> Dataset content:

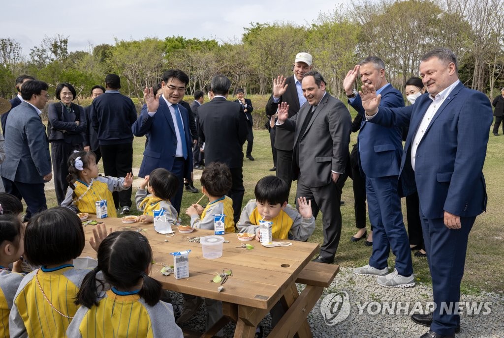 생태 체험에 나온 40여명의 어린이집 아이가 야외에 설치된 테이블에 앉아 간식을 먹고 있는 모습을 보고 실사단들이 먼저 다가가 아이들과 하이 파이브를 하는 등 친근함을 표시했다.
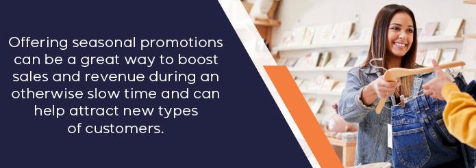 their city by offering promotional deals. This is a great way to make extra profit during the low season and tap into a new market. Reward repeat customers with loyalty promotions. Examples of promotions include:
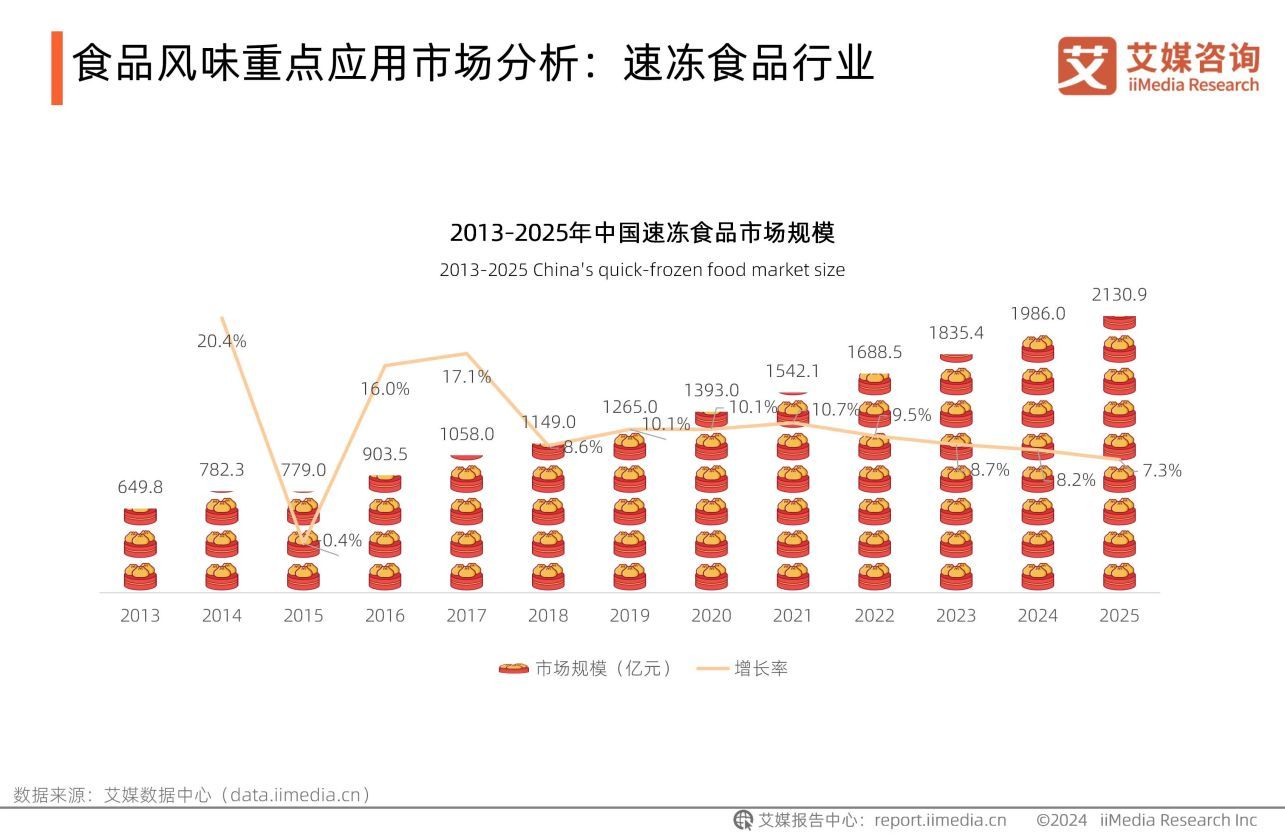 iiMedia Research(艾媒咨詢)發布的《2025-2026年中國食品風味市場與消費趨勢研究報告》數據顯示,2025年中國速凍食品市場規模達到2130.9億元,同比增長7.3%,在生活日益繁忙,工作壓力逐漸增加的當下,人們愈加偏愛無需繁瑣備菜流程、能夠快速制得的食品。

> Problem details:
This task calls for the listing to be restated exactly, with images omitted.

> Response for this exercise:
 생태 체험에 나온 40여명의 어린이집 아이가 야외에 설치된 테이블에 앉아 간식을 먹고 있는 모습을 보고 실사단들이 먼저 다가가 아이들과 하이 파이브를 하는 등 친근함을 표시했다.
 their city by offering promotional deals. This is a great way to make extra profit during the low season and tap into a new market. Reward repeat customers with loyalty promotions. Examples of promotions include:
 iiMedia Research(艾媒咨詢)發布的《2025-2026年中國食品風味市場與消費趨勢研究報告》數據顯示,2025年中國速凍食品市場規模達到2130.9億元,同比增長7.3%,在生活日益繁忙,工作壓力逐漸增加的當下,人們愈加偏愛無需繁瑣備菜流程、能夠快速制得的食品。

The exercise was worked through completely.